FB15k237(num_entities=14505, num_relations=237, create_inverse_triples=False)

In [7]:
# Store the entity-to-id and relation-to-id relationship in separate dictionaries
ent_to_id = data.entity_to_id
rel_to_id = data.relation_to_id

In [11]:
df_entity2text = pd.read_csv('data/fb15k237_entity2text.txt', delimiter="\t", header = None, names=["id", "entity"])
df_entity2text[:5]

Unnamed: 0,id,entity
0,/m/06rf7,Schleswig-Holstein
1,/m/0c94fn,Gary Rydstrom
2,/m/016ywr,Jeremy Irons
3,/m/01yjl,Chicago Cubs
4,/m/02hrh1q,Actor-GB


In [16]:
df_entity2text.shape

(14951, 2)

#### Generate BERT embeddings 

In [10]:
# Load the BERT model
tokenizer = BertTokenizer.from_pretrained('bert-base-uncased')
model = BertModel.from_pretrained('bert-base-uncased', output_hidden_states=True)
model = model.to("cuda:0")

Some weights of the model checkpoint at bert-base-uncased were not used when initializing BertModel: ['cls.predictions.transform.LayerNorm.bias', 'cls.predictions.transform.dense.weight', 'cls.predictions.decoder.weight', 'cls.seq_relationship.bias', 'cls.seq_relationship.weight', 'cls.predictions.transform.LayerNorm.weight', 'cls.predictions.transform.dense.bias', 'cls.predictions.bias']
- This IS expected if you are initializing BertModel from the checkpoint of a model trained on another task or with another architecture (e.g. initializing a BertForSequenceClassification model from a BertForPreTraining model).
- This IS NOT expected if you are initializing BertModel from the checkpoint of a model that you expect to be exactly identical (initializing a BertForSequenceClassification model from a BertForSequenceClassification model).


In [None]:
df_entity2text = pd.read_csv('data/wn18rr_entity2text.txt', delimiter="\t", header = None, names=["id", "definition"])
df_entity2text[["entity", "description"]] = df_entity2text["definition"].str.split(',', n=1, expand=True)
df_entity2text[:5]

In [12]:
# Tokenize the KG entities
input_to_tokens = tokenizer(df_entity2text["entity"].to_list(), padding=True, return_tensors='pt')['input_ids']
input_to_tokens.device

device(type='cpu')

In [19]:
input_to_tokens

tensor([[  101, 21173,  1011,  ...,     0,     0,     0],
        [  101,  5639, 29431,  ...,     0,     0,     0],
        [  101,  7441,  3707,  ...,     0,     0,     0],
        ...,
        [  101,  5696,  7842,  ...,     0,     0,     0],
        [  101, 13081,  2118,  ...,     0,     0,     0],
        [  101, 12300,   102,  ...,     0,     0,     0]])

In [23]:
tokenizer.convert_ids_to_tokens(input_to_tokens[3])

['[CLS]',
 'chicago',
 'cubs',
 '[SEP]',
 '[PAD]',
 '[PAD]',
 '[PAD]',
 '[PAD]',
 '[PAD]',
 '[PAD]',
 '[PAD]',
 '[PAD]',
 '[PAD]',
 '[PAD]',
 '[PAD]',
 '[PAD]',
 '[PAD]',
 '[PAD]',
 '[PAD]',
 '[PAD]']

In [24]:
cd = customdata(input_to_tokens)
dataloader = torch.utils.data.DataLoader(cd, batch_size = 2500, shuffle = False, num_workers = 0)

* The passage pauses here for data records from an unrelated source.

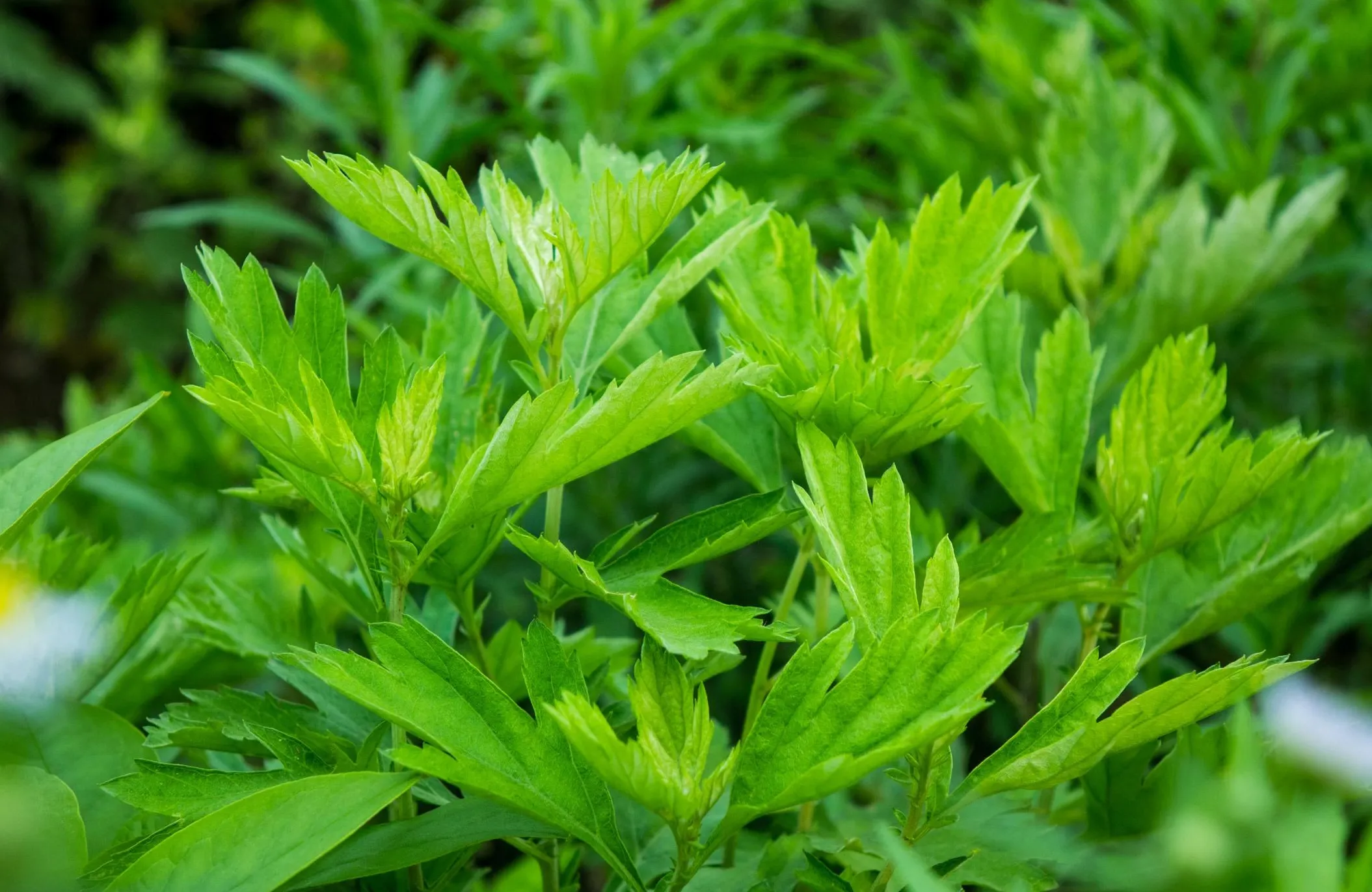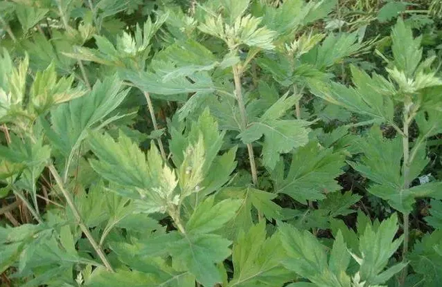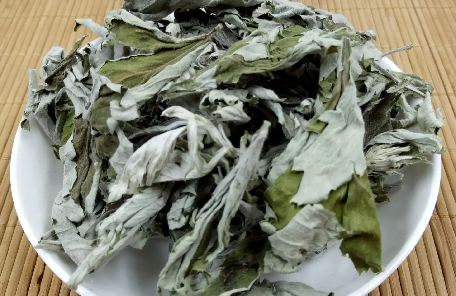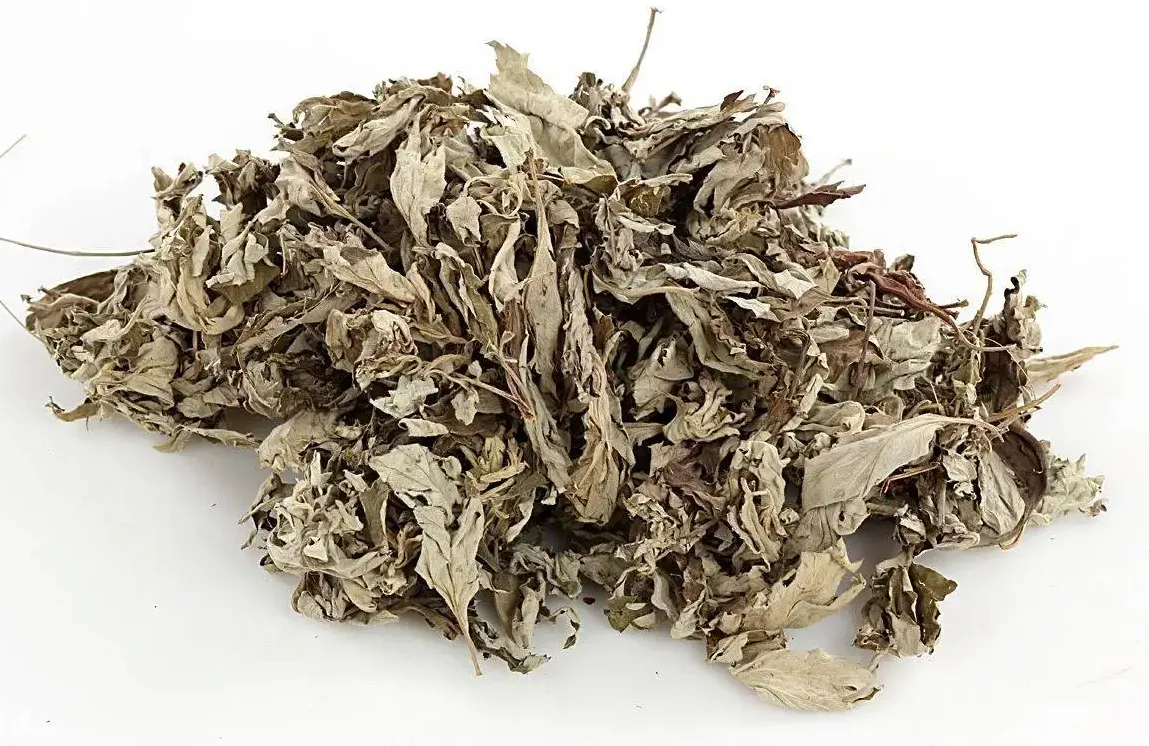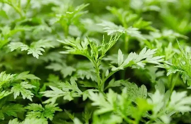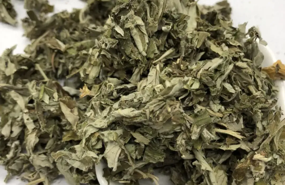 本品多皱缩、破碎,有短柄。完整叶片展平后呈卵状椭圆形,羽状深裂,裂片椭圆状披针形,边缘有不规则的粗锯齿;上表面灰绿色或深黄绿色,有稀疏的柔毛和腺点;下表面密生灰白色绒毛。质柔软。气清香,味苦。
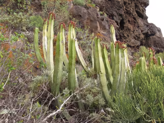 Aunque no se trata de un cactus, presenta un aspecto similar --altos tallos suculentos y espinosos--, que hace que esta planta sea una de las especies más fáciles de identificar de la flora canaria, recoge una nota del Jardín Botánico.
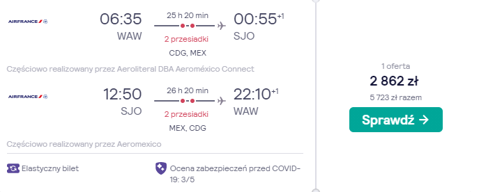 Na wycieczkę do Ameryki Środkowej wybierzecie się jesienią, w terminie 11 – 21 listopada. Czekają was loty z warszawskiego lotniska im. Fryderyka Chopina, realizowane na pokładzie samolotów linii lotniczych Air France oraz Aeromexico z bezpiecznymi, gwarantowanymi przesiadkami w Paryżu oraz mieście Meksyk.
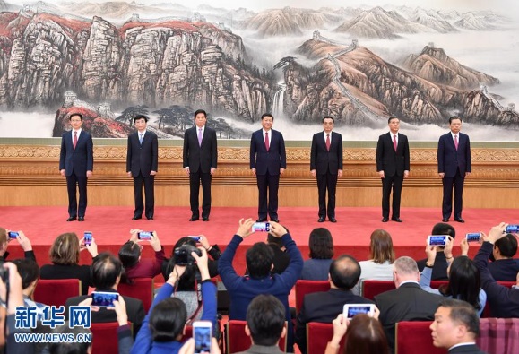 各位记者朋友,各位来宾,大家好。今天上午中国共产党第十九届中央委员会召开第一次全体会议,选举产生了新一届中央领导机构。我们非常高兴地邀请到新当选的中共中央总书记和各位常委同中外记者见面。
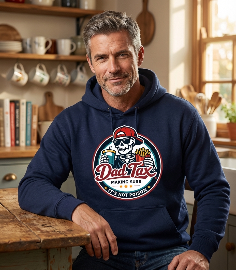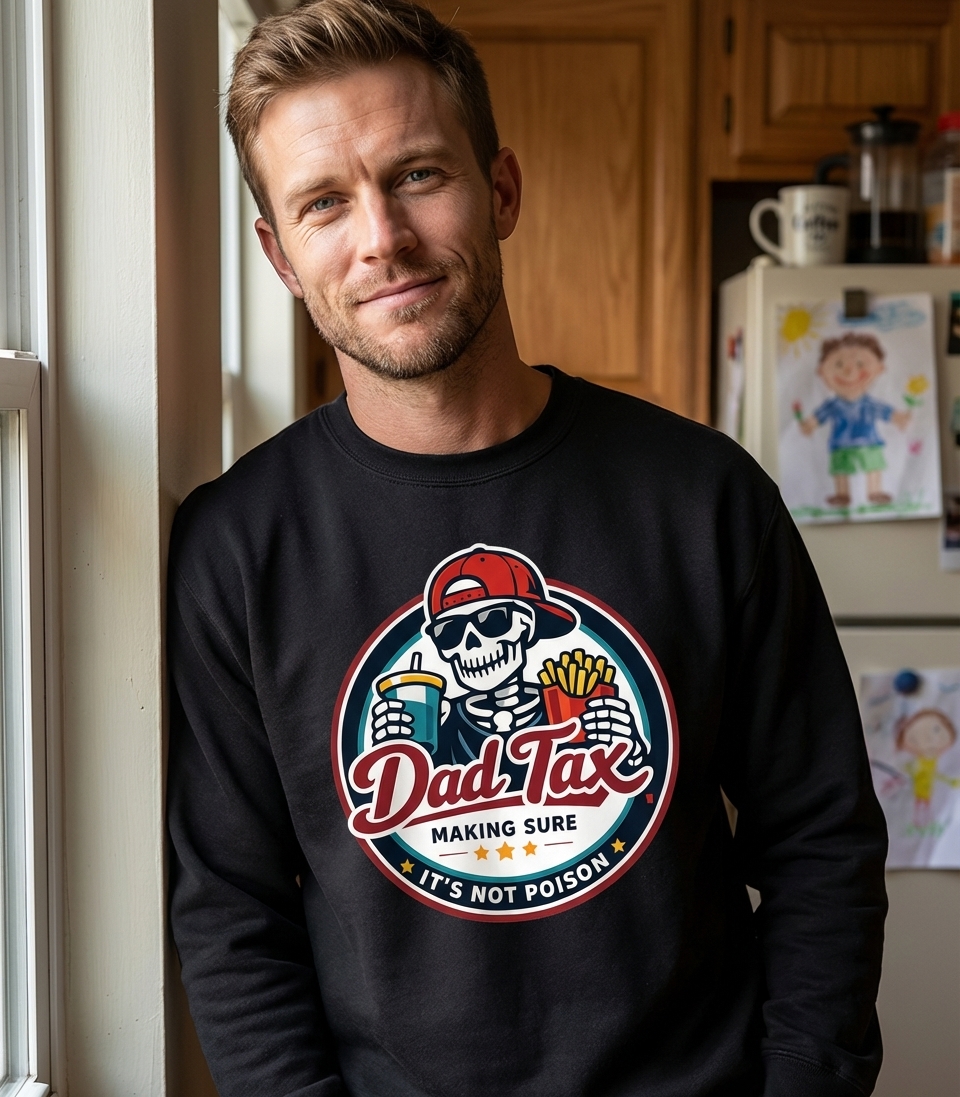 The phrase 'Dad Tax' refers to the humorous tradition where fathers 'inspect' or 'sample' their children's snacks, treats, or meals. It's a playful way for dads to get a bite of whatever their kids are eating, often under the guise of making sure it's safe or tastes good. The addition 'making sure it's not poison' further enhances this fun, sarcastic take on paternal 'food inspection'.
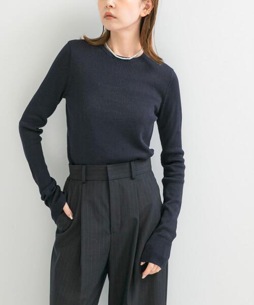 【上質なシルク混が着心地抜群のデザインニット】綿×シルクの上質なブレンド素材で仕立てた、しなやかで着心地の良いリブニット。綿のナチュラルな肌触りに、シルク特有の滑らかさがプラスされ、シンプルながらも上品な印象に仕上げました。やや長めのお袖がアクセントになり、ジャケットなどのインナーとしてもお勧め。体に優しくフィットするコンパクトなシルエットは、レイヤードスタイルにもすっきりと合わせていただけます。ON/OFFで活躍するワードローブに欠かせない一着です。【2025 Autumn/Winter】【25AW】総重量 : 約145g洗濯方法 : 手洗い, ドライクリーニング※商品画像は、光の当たり具合やパソコンなどの閲覧環境により、実際の色味と異なって見える場合がございます。予めご了承ください。※商品の色味の目安は、商品単体の画像をご参照ください。▼お気に入り登録のおすすめ▼お気に入り登録商品は、マイページにて現在の価格情報や在庫状況の確認が可能です。お買い物リストの管理に是非ご利用ください。素材感透け感 : ややあり伸縮性 : あり裏地 : なし光沢 : なしポケット : なしFREE

#### Generate BERT embeddings for entities in batches 

In [25]:
iter = 1
embeddings = []
for data in dataloader:
    data = data.to("cuda:0")
    output = generate_bert_embeddings(data,model)
    output = torch.stack(output, 0)# output is originally tuple → stack BERT hidden layers (13) tensors into 1 tensor    

    if iter < 10:
        batch_nr = "0" + str(iter)
    else:
        batch_nr = str(iter)
    torch.save(output, "nlm_embeddings/bert_fb15k237/" + batch_nr + "_bert_4lastlayers_fb15k237_ent.pt")
    #embeddings.append(output)
    
    
    
    #Additional Info when using cuda
    print('Memory Usage in Iteration:', iter,
          '| Allocated:', round(torch.cuda.memory_allocated(0)/1024**3,1), 'GB |', 
          'Cached: ', round(torch.cuda.memory_cached(0)/1024**3,1), 'GB')
    
    iter = iter + 1
    del data
    del output
    torch.cuda.empty_cache()



Memory Usage in Iteration: 1 | Allocated: 29.1 GB | Cached:  29.7 GB
Memory Usage in Iteration: 2 | Allocated: 29.1 GB | Cached:  29.7 GB
Memory Usage in Iteration: 3 | Allocated: 29.1 GB | Cached:  29.7 GB
Memory Usage in Iteration: 4 | Allocated: 29.1 GB | Cached:  29.7 GB
Memory Usage in Iteration: 5 | Allocated: 29.1 GB | Cached:  29.7 GB
Memory Usage in Iteration: 6 | Allocated: 28.6 GB | Cached:  29.0 GB


In [28]:
torch.cuda.empty_cache()

In [27]:
print('| Allocated:', round(torch.cuda.memory_allocated(0)/1024**3,1), 'GB |', 
          'Cached: ', round(torch.cuda.memory_cached(0)/1024**3,1), 'GB')

| Allocated: 0.4 GB | Cached:  0.5 GB


In [None]:
#torch.save(embeddings,'/nlm_embeddings/bert_wn18rr/bert_4lastlayers_wn18rr_ent.pt')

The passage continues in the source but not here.